YuanGongND / gopt

Code for the ICASSP 2022 paper "Transformer-Based Multi-Aspect Multi-Granularity Non-native English Speaker Pronunciation Assessment".
BSD 3-Clause "New" or "Revised" License
152 stars 28 forks source link

GOPT: Transformer-Based Multi-Aspect Multi-Granularity Non-Native English Speaker Pronunciation Assessment

News

January 2023, YIFAN WANG contributed a step-by-step tutorial on how to do inference with your own data, see [Here]. However, a bug has been reported and needs to be addressed before use.

Introduction

Illustration of GOPT.

Illustration of GOPT.

This repository contains the official implementation and pretrained model (in PyTorch) of the Goodness Of Pronunciation Feature-Based Transformer (GOPT) proposed in the ICASSP 2022 paper Transformer-Based Multi-Aspect Multi-Granularity Non-native English Speaker Pronunciation Assessment (Yuan Gong, Ziyi Chen, Iek-Heng Chu, Peng Chang, James Glass; MIT & PAII).

GOPT is the first model to simultaneously consider multiple pronunciation quality aspects (accuracy, fluency, prosody, etc) along with multiple granularities (phoneme, word, utterance). With a public automatic speech recognition (ASR) model, it achieves 0.612 phone-level Pearson correlation coefficient (PCC), 0.549 word-level PCC, and 0.742 sentence-level PCC, all are the best results on SpeechOcean762. PWC PWC PWC

We intend to make our results easy to reproduce, specifically, we provide our Kaldi intermediate outputs so that you can reproduce our result without Kaldi in almost one-click (just download our Kaldi output and ./run.sh, or even more simpler, run the Google Colab script Open In Colab).

Citing

Please cite our paper if you find this repository useful.

@INPROCEEDINGS{gong_gopt,
  author={Gong, Yuan and Chen, Ziyi and Chu, Iek-Heng and Chang, Peng and Glass, James},
  booktitle={ICASSP 2022 - 2022 IEEE International Conference on Acoustics, Speech and Signal Processing (ICASSP)}, 
  title={Transformer-Based Multi-Aspect Multi-Granularity Non-Native English Speaker Pronunciation Assessment}, 
  year={2022},
  pages={7262-7266},
  doi={10.1109/ICASSP43922.2022.9746743}}

Data

The SpeechOcean762 dataset used in ths paper is an open dataset licenced with CC BY 4.0. It can be downloaded from this link.

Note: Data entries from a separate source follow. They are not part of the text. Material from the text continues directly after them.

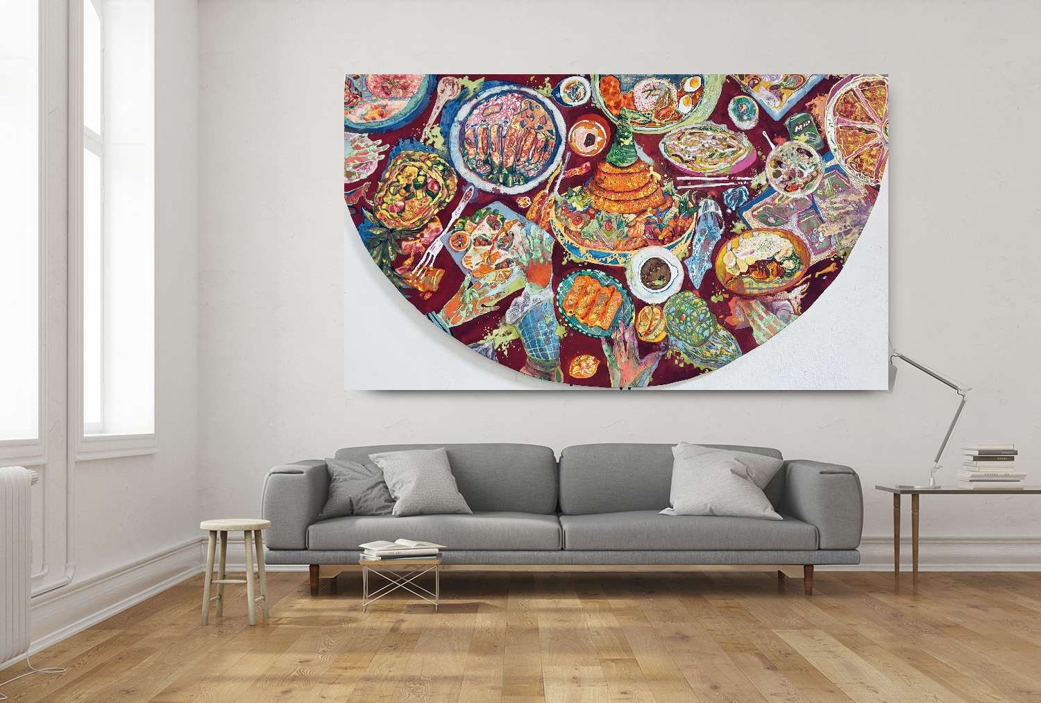 個人創作脈絡是從「剩食」來反思「人-物(廚餘、剩食)-文明社會」之間的關係,從第一件平面繪畫《排遺》來思考過度現代的社會趨勢,創作者以詭局荒誕的氛圍描繪餐桌結束的景況;杯盤狼藉的背後是剩食是對餐桌文化的一種二次審視,我們在餐桌上獲得了什麼,在餐桌上是捨棄了什麼,都意味著個人背後的意識與日常所行,而此些剩餘下的餐食,是否也意味著人類文明高度且過度膨脹的一種——「文化的排遺」。《排遺系列》,透過從廚餘-剩食的指涉,發展出具當代指涉的膠彩繪畫;而此件作品《排遺:東南亞式》,從東南亞過往的飲食經驗與餐桌飲食慣習的獨立面貌,發想出不同吃食情況後,菜系在不斷疊合形式下、視角變換下的畫面,並特意使用了具高飽和度的、具文化符碼的視覺色系,在繪製的菜系中涵蓋了東亞與東南亞文化交融後的「娘惹」系統、「台式的泰菜」等等,體現在吃食的過程與剩餘皆視見了地域間飲食模式的差異與共融。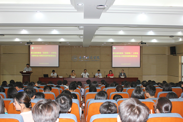 李兴国教授以《亮剑红海——搏击互联网+大学生创新创业大赛》为题,就大学生参赛创业计划书的撰写方法作了详细的介绍,包括摘要、项目简介、定位、产品与服务、市场、营销计划、商业模式、知识产权、团队、财务分析、融资、风控、实战建议、注意事项等方面,并列举了案例。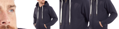 80% organic cotton/20% polyester. Organic or in-conversion to organic cotton. Soft peached fabric with brushed inner. Drop shoulder style. Lined hood with flat natural drawcord and brass effect tipping. Taped neck. Full length brass effect YKK zip. Front pouch pockets with flatlock stitching. Deep ribbed cuffs and hem. Tear out label.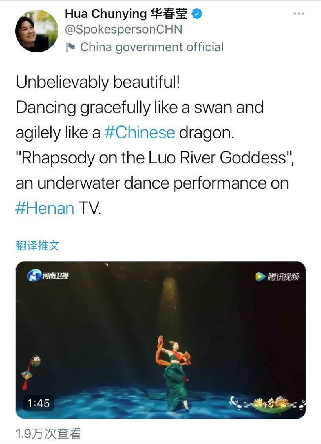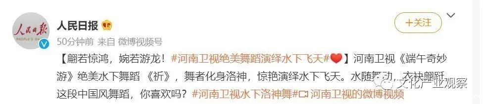 此次《端午奇妙游》的《洛神水赋》首先在微博以及快手上实现了爆发式的传播。在晚会首播的几天内,#河南卫视杀疯了#、#端午奇妙游#、#洛神水赋#等十多个词条登上热搜,带来了数十亿的微博阅读量。在外交部发言人华春莹在外网的转发之后,影响力又更上了一层楼。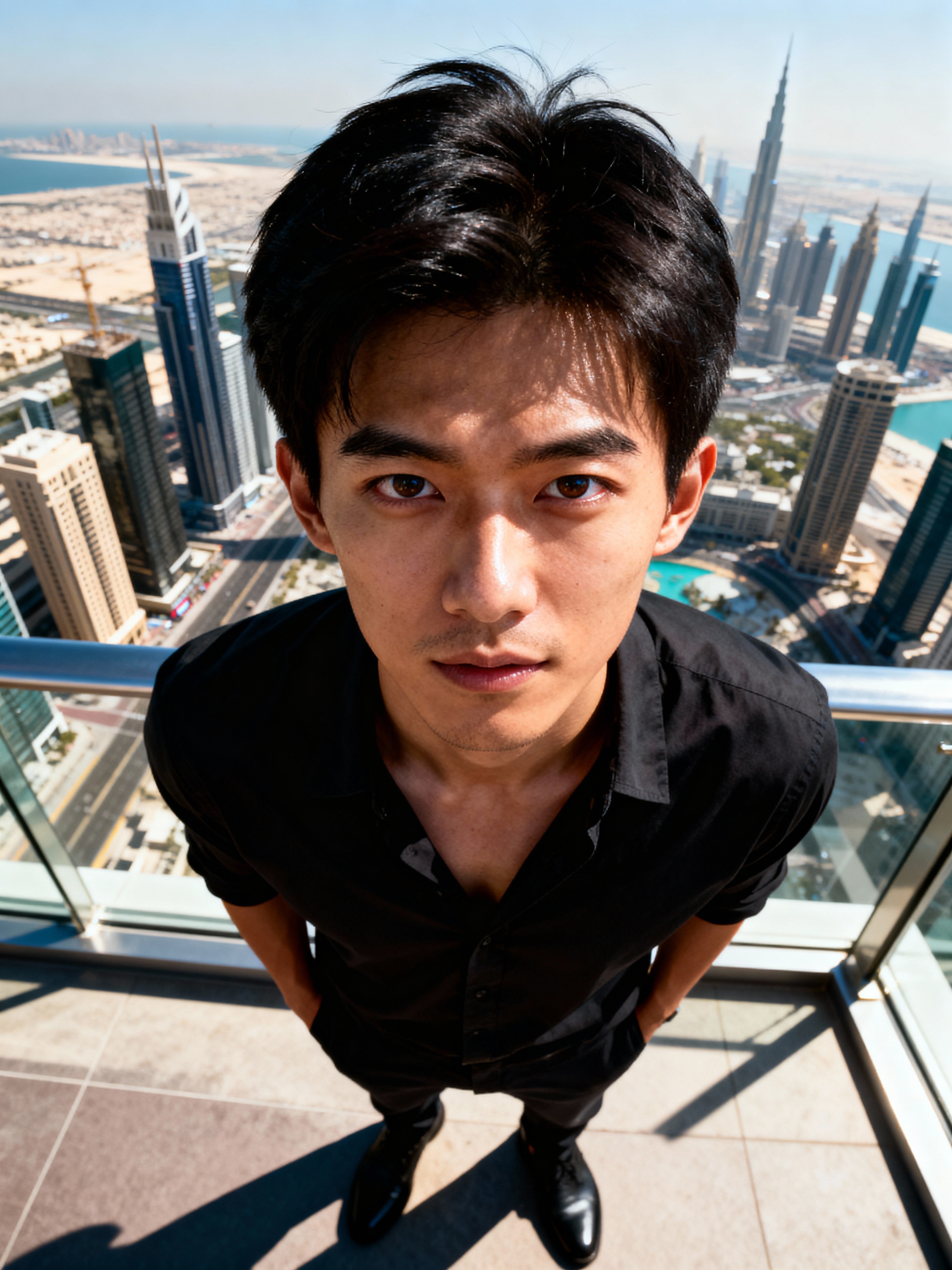 model standing in front of city skyline viewpoint in Dubai with city skyline in background
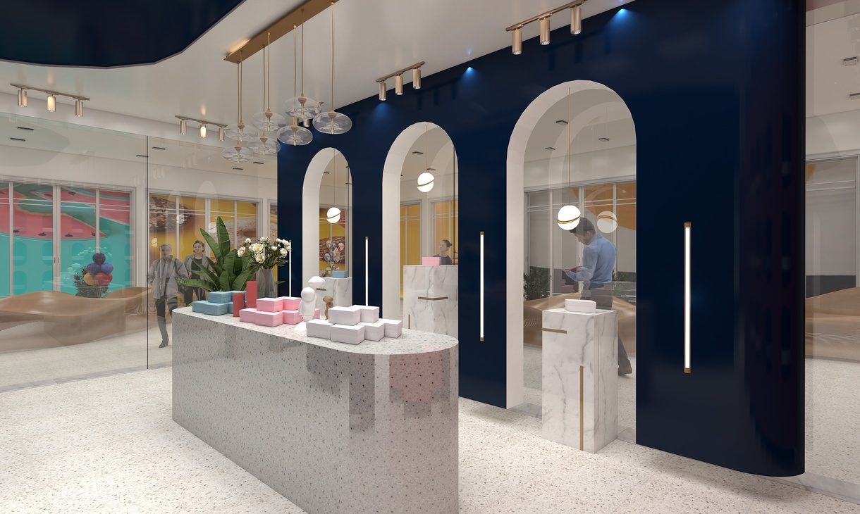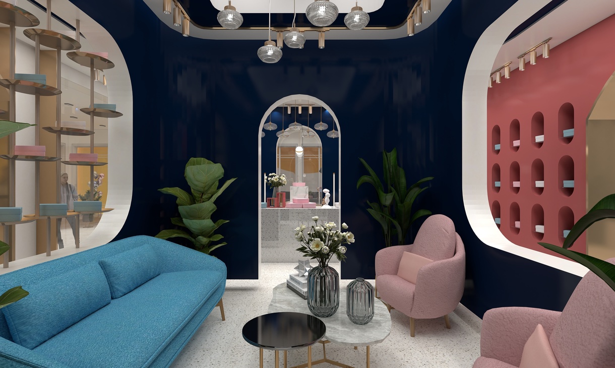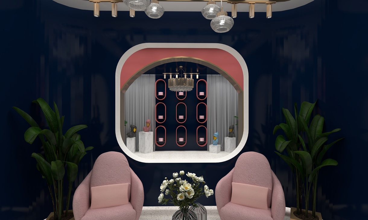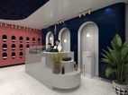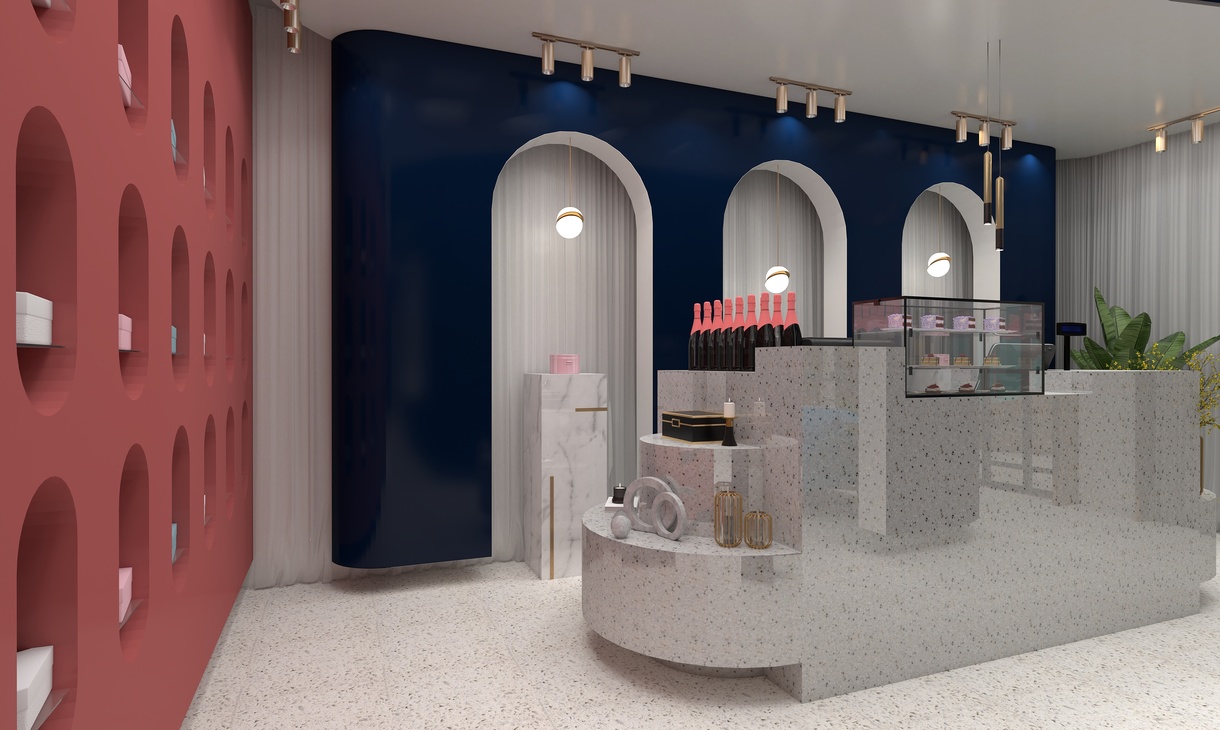工裝案例,適合服裝店,高端食品店等高端類型店鋪。 設計初衷:以藏青色為底色,搭配粉色的少女風,與土豪金金屬材質(zhì)的碰撞,產(chǎn)生了視覺上的美感。讓人迷戀與向往。兩種顏色的撞擊,像是兩位戀人之間的愛情。完美的融合在一起。整體風格輕奢為主,適合各類型的店鋪。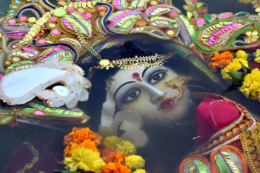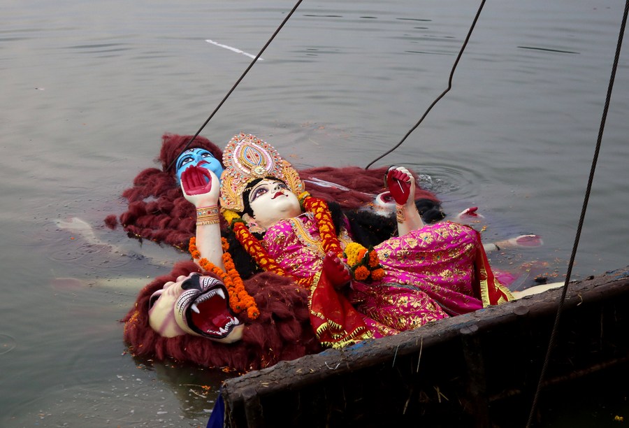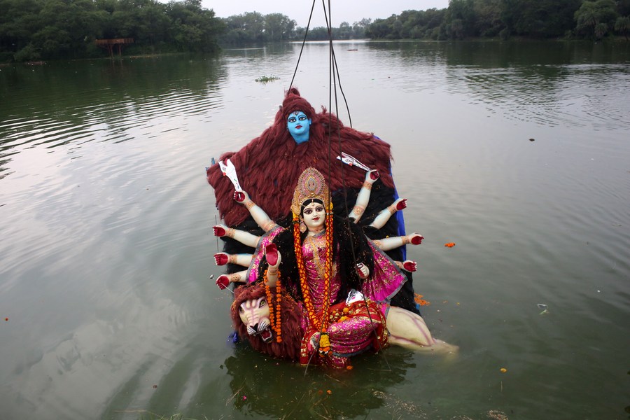 An idol of Goddess Durga is being immersed in a water body at the end of the Hindu festival Durga Puja in Bhopal, the capital of India's Madhya Pradesh state, Oct. 6, 2022. (Xinhua stringer)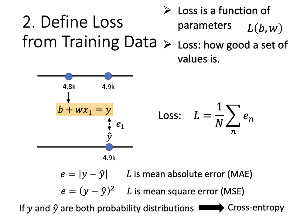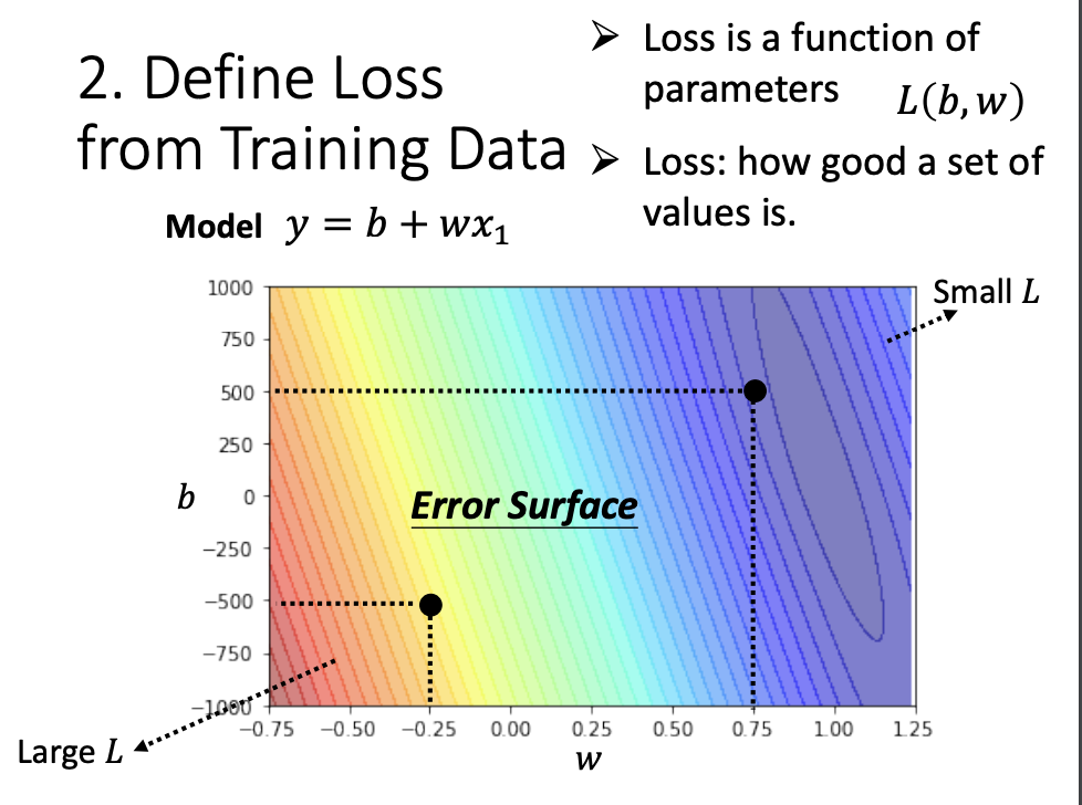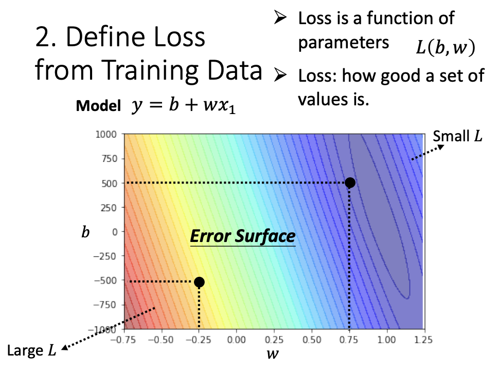 Loss is function of parameters, denoted as L(b, w). It describes how well a set of values compares with the training data. - Error Surface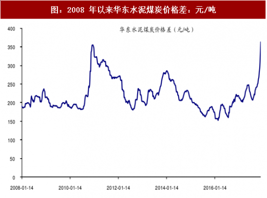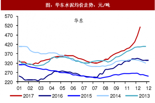 盈利水平持续走高,华东尤为超预期。从水泥价格差指标来看,行业盈利水平持续走高,华东创历史新高。根据数字水泥网,2017 年水泥行业利润将达到 900 亿元,按照全年水泥产量增速-0.5%测算,2017 年水泥吨利润有望达到 38 元,仅次于 2011 年的 49 元。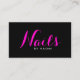 Une police de calligraphie glamour épelle "Nails" en rose vif sur ce modèle de carte de visite moderne. Ajoutez votre nom ou nom d'entreprise pour un logo personnalisé. Conçu pour les techniciens d'ongles et les salons d'ongles. © 1201AM CREATIVE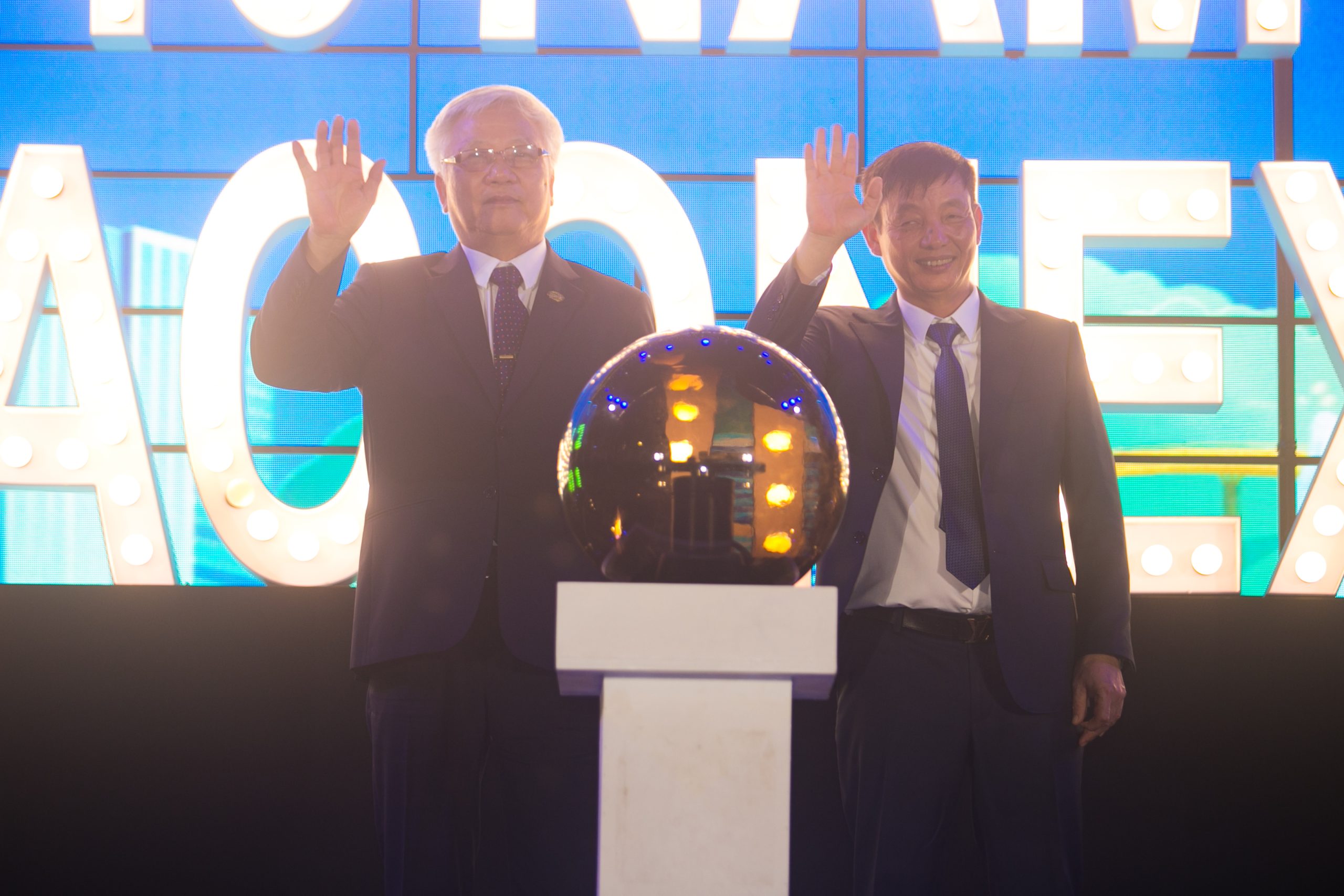Chủ tịch HĐQT TCT Vinaconex Đào Ngọc Thanh và Chủ tịch HĐQT Vinaconex 25 Nguyễn Xuân Đông thực hiện nghi thức – đánh dấu thời khắc Công ty chính thức bước sang “tuổi 40” xây dựng và phát triển bền vững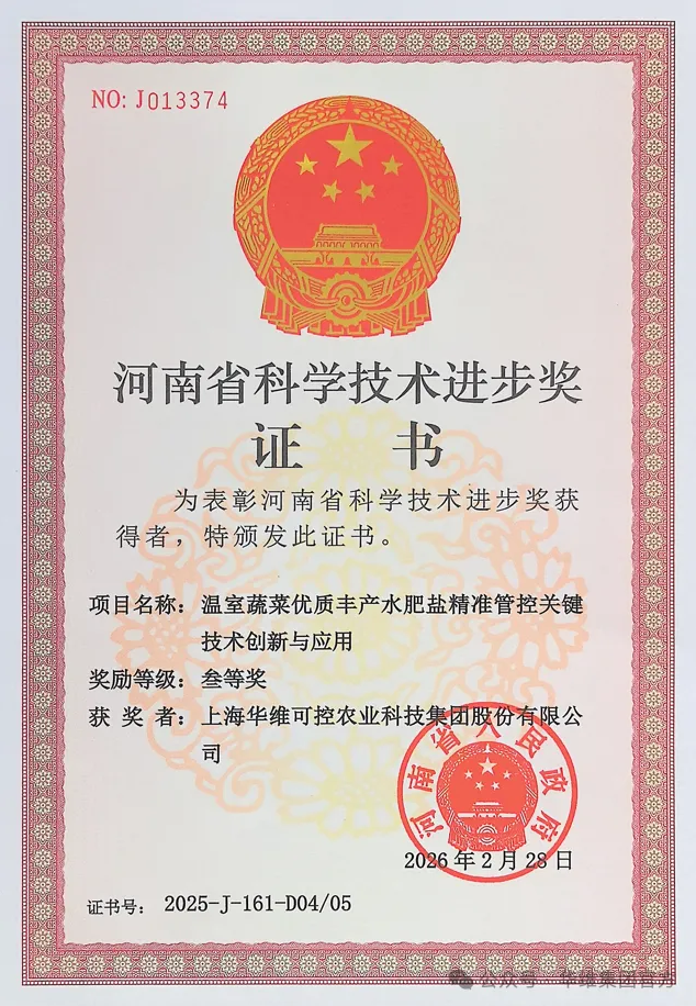 近日,由中国农业科学院农田灌溉研究所、华北水利水电大学、中国农业大学、华维集团、新疆维吾尔自治区农业科学院联合申报的《温室蔬菜优质丰产水肥盐精准管控关键技术创新与应用》项目,荣获河南省科学技术进步奖三等奖。

(Google Colab Scripts) Train and evaluate GOPT with speechocean 762 dataset

We provide Google Colab Script Open In Colab for quick test.

What you need:

What you don't need:

Please Note

(Local Scripts) Train and evaluate GOPT with speechocean 762 dataset

The following is a step-by-step instruction of training and evaluating GOPT with the speechocean 762 dataset.

If you are not familiar with Kaldi, or you are not interested in GOPT feature generation, we provide our intermediate GOP features and this recipe is Kaldi-Free (please see below for details). Otherwise if you want to use your own ASR model, you can NOT skip step 1 and 2.

Step 0. Prepare the environment.

Clone or download this repository and set it as the working directory, create a virtual environment and install the dependencies.

# use absolute path of this repo
gopt_path=your_gopt_path
cd $gopt_path
python3 -m venv venv-gopt
source venv-gopt/bin/activate
pip install -r requirements.txt 

Step 1. Prepare the speechocean762 dataset and generate the Godness of Pronunciation (GOP) features.

(This step is Kaldi dependent and require familiarity with Kaldi. You can skip this step and step 2 by using our output of this step (download via the dropbox link or 腾讯微云链接, please see [here] for details.))

Downlod the speechocean762 dataset from [here]. Use your own Kaldi ASR model or public Kaldi ASR model (e.g., the Librispeech ASR Chain Model we used) and run Kaldi GOP recipe following its instruction. After the run finishes, you should see the performance of the baseline model with the ASR model you use.

Then, extract the GOP features from the intermediate files of the Kaldi GOP recipe run.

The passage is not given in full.